El cine bélico, por lo general, ha practicado dos tipos de planteamiento bien diferentes. Por un lado, para dar cobertura a lo que, en realidad, no es sino una peripecia aventurera, solo que abordando la aventura suprema: la de la supervivencia. Es el caso, por ejemplo, de Doce del patíbulo o Los cañones de Navarone. Por otro, para denunciar precisamente el acontecimiento que ilustran: el horror bélico. No hace falta ser un pacifista nato para encontrar poca satisfacción en el primer modelo, porque pocos títulos de interés ha ofrecido. En el segundo, sin embargo, se encuentran títulos tan espléndidos como Sin novedad en el frente, La gran guerra, La infancia de Iván o El arpa birmana, por ofrecer películas sobradamente conocidas de muy distintas cinematografías. En este artículo quiero difundir dos de los mejores títulos del cine antibélico de todos los tiempos que, por desgracia, apenas son conocidos, aunque quienes han tenido ocasión de verlos sí que los reverencian. El primero es Men in War (1957), magnífico film del gran Anthony Mann que en nuestro país recibió el absurdo (e indignante, porque parece anunciar, precisamente, una hazaña épica) rebautizo de La colina de los diablos de acero. El segundo ni siquiera llegó a ser estrenado en España: se llama The Hill y en sus pases por tv y ediciones domésticas ha sido llamado de diversas maneras, pero una de ellas es la que corresponde, y por esa lo voy a llamar yo, La colina (1965), film en este caso ignoto primero porque fuera un notable fracaso comercial y, después, por venir firmado por un director en general menospreciado pese a su enorme valía, que solo en los últimos tiempos comienza a serle reconocida, Sidney Lumet. Dos colinas, pues, para dos guerras diferentes (la de Corea en el film de Mann, la Segunda Guerra Mundial en el de Lumet), pero el mismo horror, que pocas veces ha sido denunciado mejor que en estos dos trabajos.
Las abordaré por orden cronológico.
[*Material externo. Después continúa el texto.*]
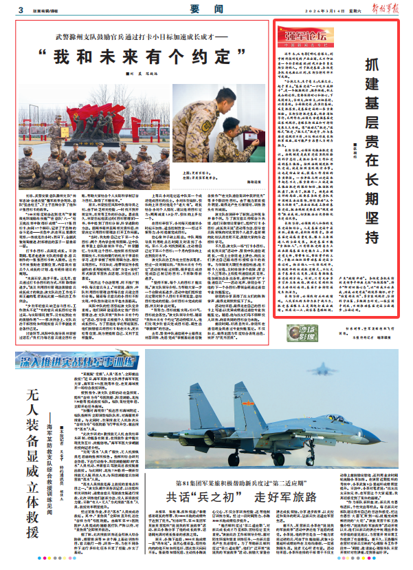 長期堅持,必須踐行正確政績觀。人民軍隊的生命力在于戰(zhàn)斗力,抓建基層根本上是圍繞打贏出政績。脫離這一點,就容易急躁短視,產(chǎn)生“政績沖動”。各級黨委機(jī)關(guān)特別是領(lǐng)導(dǎo)干部應(yīng)克服“任期思維”,摒棄“即時回報心態(tài)”,以“功成不必在我,功成必定有我”的境界胸懷,甘于“寂寞的長跑”,尊重客觀規(guī)律,堅持科學(xué)決策,多做調(diào)查研究,一張藍(lán)圖干到底,不斷推動基層建設(shè)全面進(jìn)步、全面過硬。

Men in War (en adelanto la llamo así, antes por ser más corto que por prurito de fidelidad, que no tengo), película «oculta» en la filmografía de Anthony Mann, constituye uno de los proyectos más personales del autor, hasta el punto de que fundó un pequeño sello para sacarla adelante, que por desgracia acabó abortado por el fracaso de los dos únicos títulos que llegó a producir, el presente y un film menos conocido todavía, La pequeña tierra de Dios (1958), con el que, además, comparte muchos elementos delante y detrás de las cámaras (por ejemplo, el protagonista, Robert Ryan).
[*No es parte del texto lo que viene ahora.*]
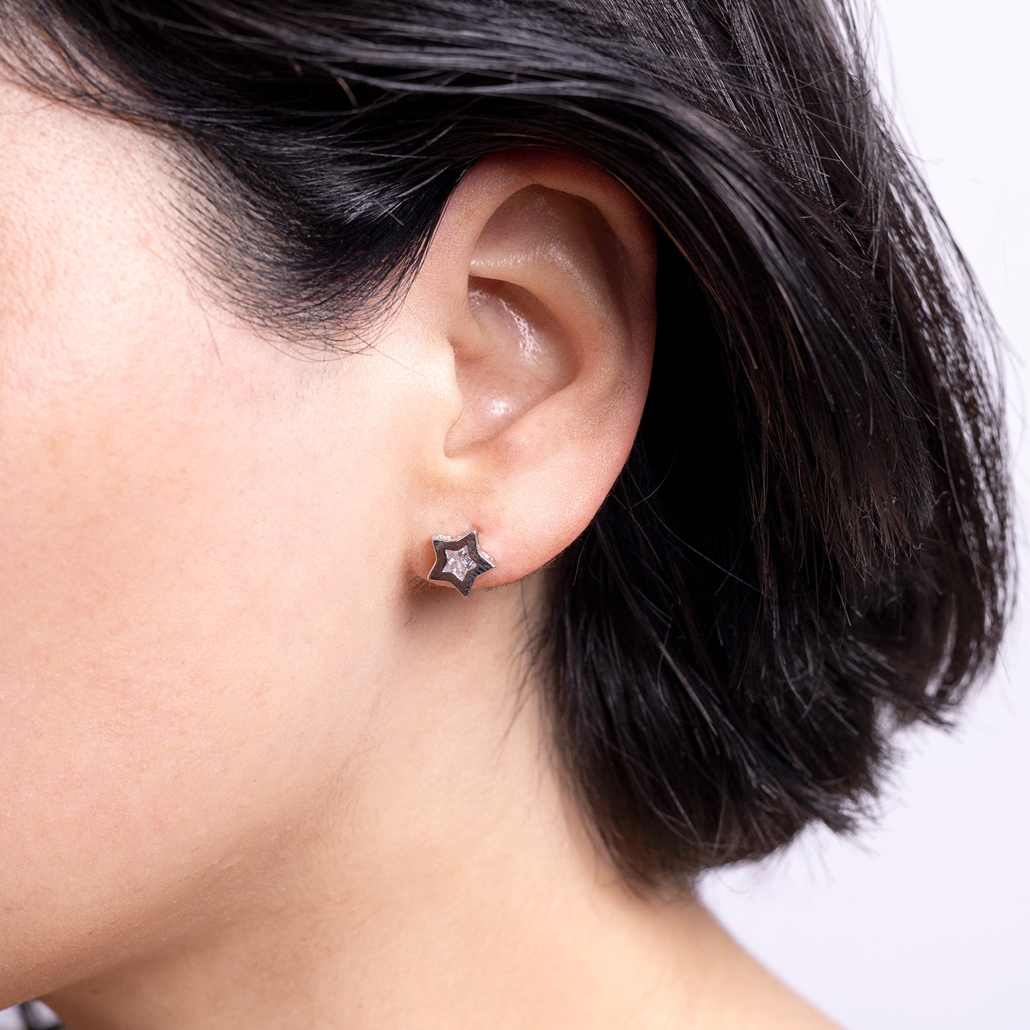Aros de plata, con detalle de circón blanco y borde de plata que rodeada y da la forma a esta estrella.

El argumento no se sitúa en la Segunda Guerra Mundial, sino en la de Corea, y su trama se concentra en un único día, a lo largo del cual se narra la cruenta misión que debe efectuar un reducido pelotón de soldados para capturar el punto aludido por el título español, esa «colina de los diablos de acero». Son diecisiete hombres, liderados por un firme oficial, el teniente Benson, a los que no tardan en unirse otros dos que aparecen de modo casi fantasmal, a bordo de un jeep que parece ir a la deriva por el agreste terreno. Lo conduce un sargento de ademanes bruscos, llamado Montana, que traslada a su mando, un veterano coronel de aspecto catatónico (está «herido por dentro», explica su acompañante), maniatado al vehículo y que no hace un solo movimiento, más que instintivo (fumar el cigarro que se le ofrece, sin abrir prácticamente los labios). Son los únicos supervivientes de una batalla cuyo escenario han dejado muy atrás, sin saber que acabarán marchando a otro no menos dantesco.
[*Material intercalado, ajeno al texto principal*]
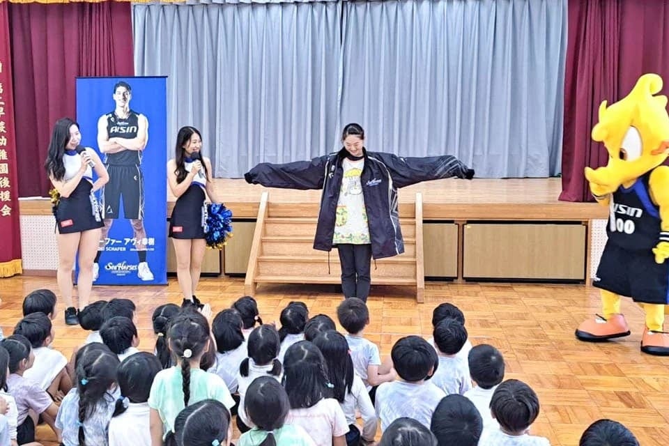 2023年10月10日(火)、シーホースくんとSuper Girlsの ASAMIと TOMOMIが第二早蕨幼稚園(岡崎市)を訪問し、園児の皆さんと一緒にクイズやダンスを楽しみました。

El teniente Benson es encarnado por el gran Robert Ryan, en una interpretación que no solo es tan magnífica como siempre en él, sino que además confirma su versatilidad, al alejarse de esos roles turbios, cuando no directamente villanescos, en que se especializó y en los que lucía ese estilo característicamente tenso y nervioso que era su sello. El resto del reparto, formado por sólidos actores, está igualmente espléndido, pero siempre que veo la película me impresiona especialmente ese secundario que no necesita hacer casi un solo gesto para resultar inolvidable: el veterano Robert Keith, que encarna al veterano coronel.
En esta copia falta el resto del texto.